§ **What you need to do**
Which lines run from the start of the material below through the line containing "ボヘミアン 本革 タッセル付"? Retype them exactly, pictures excluded.

§ **Data for this exercise**
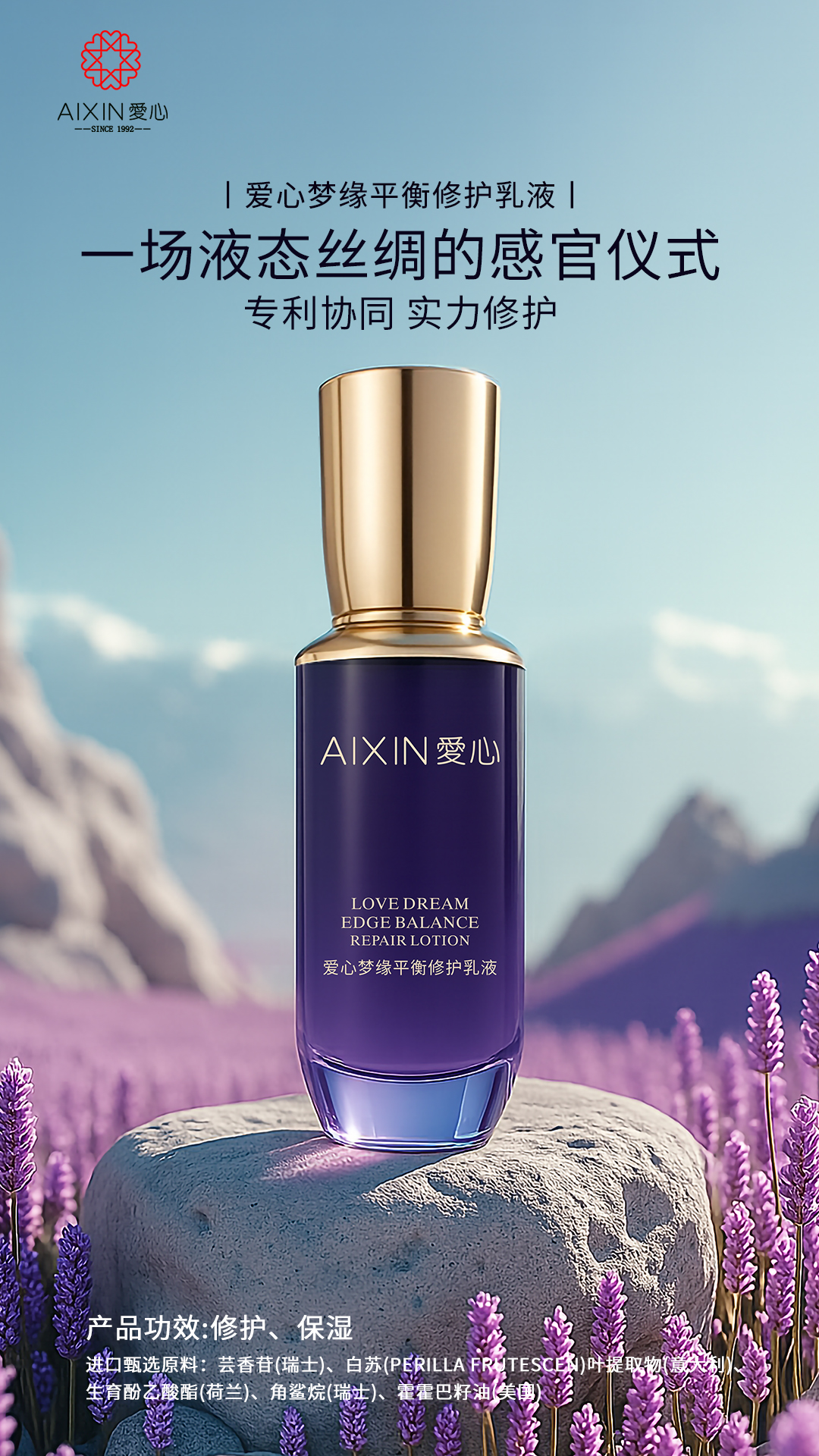 爱心梦缘平衡修护乳液,以「屏障修护×水油平衡」为核心,将冠军的韧性精神融入配方逻辑,直击高负荷肌肤的修护需求:
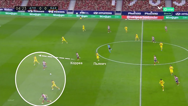 Команда Симеоне прошла давление и перевела мяч на более свободный фланг. Здесь 2-в-2 плюс набегающий Корреа, за которым не успевает Пьянич:
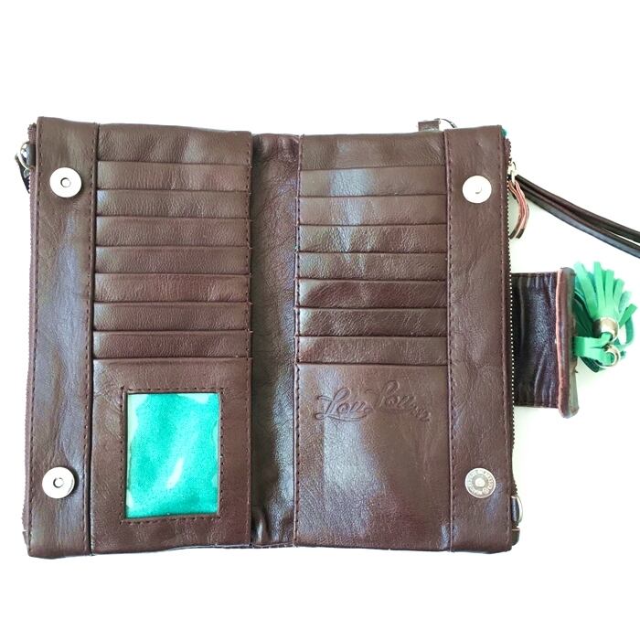 ボヘミアン 本革 タッセル付 ウォレット(茶×グリーンタッセル) 財布 長財布 ショルダー付 パスポート入れ【バリ島直輸入】
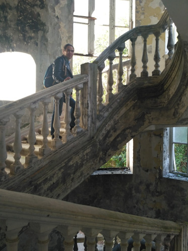Входная дверь была приоткрыта и мы выстро нырнули в проход. Внутри оказалась включена лампочка, которая висела на хиленьком проводе. Мы сначала испугались, что кто-то здесь живет, но покричав не услышали ничего в ответ и пошли по давно заброшенной лестнице. Я не видела такой красоты. В заброшенных местах есть что-то, что пленяет, заставляет улыбаться во весь рот и идти так тихо-тихо, как мышки.
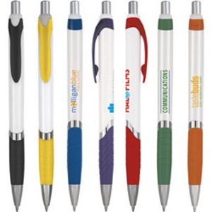 Ballpoint pen with plunger action mechanism, white barrel, chrome accents and blue or black ink.
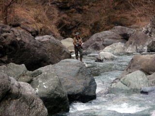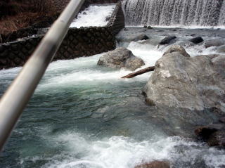 | やはり雪代の影響で水温が低くて喰いが渋い。白泡の中や流れ出しでもアタリが無い。 脇の流れが緩いポイントを何回か流すとやっと今年最初のイワナが顔を見せてくれた。 つかさくんは、水飛沫に耐え切れずに下のポイントへ移動していたが、振り向くと丁度一匹釣り上げたところだったが、バレたようだった。その後もしばらく粘ったがアタリも無いので下流へ移動した。 |
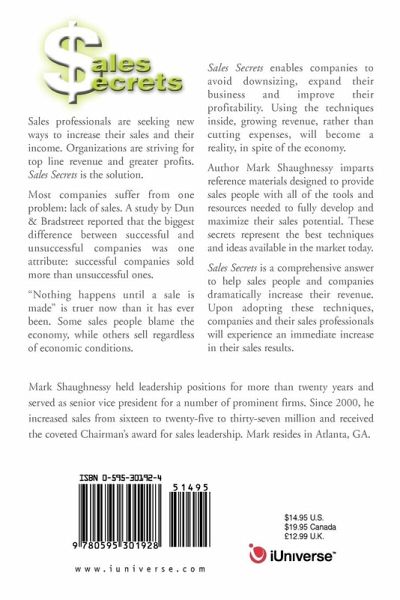 Sales professionals are seeking new ways to increase their sales and their income. Organizations are striving for top line revenue and greater profits. Sales Secrets is the solution. Most companies suffer from one problem: lack of sales. A study by Dun & Bradstreet reported that the biggest difference between successful and unsuccessful companies was one attribute: successful companies sold more than unsuccessful ones. "Nothing happens until a sale is made" is truer now than it has ever been. Some sales people blame the economy, while others sell regardless of economic conditions. Sales Secretsenables companies to avoid downsizing, expand their business and improve their profitability. Using the techniques inside, growing revenue, rather than cutting expenses, will become a reality, in spite of the economy. Author Mark Shaughnessy imparts reference materials designed to provide sales people with all of the tools and resources needed to fully develop and maximize their sales potential. These secrets represent the best techniques and ideas available in the market today. Sales Secrets is a comprehensive answer to help sales people and companies dramatically increase their revenue. Upon adopting these techniques, companies and their sales professionals will experience an immediate increase in their sales results.
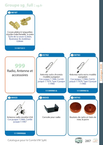 Catalogue pour le Combi VW Split 287

§ **Solution to this problem**
 爱心梦缘平衡修护乳液,以「屏障修护×水油平衡」为核心,将冠军的韧性精神融入配方逻辑,直击高负荷肌肤的修护需求:
 Команда Симеоне прошла давление и перевела мяч на более свободный фланг. Здесь 2-в-2 плюс набегающий Корреа, за которым не успевает Пьянич:
 ボヘミアン 本革 タッセル付 ウォレット(茶×グリーンタッセル) 財布 長財布 ショルダー付 パスポート入れ【バリ島直輸入】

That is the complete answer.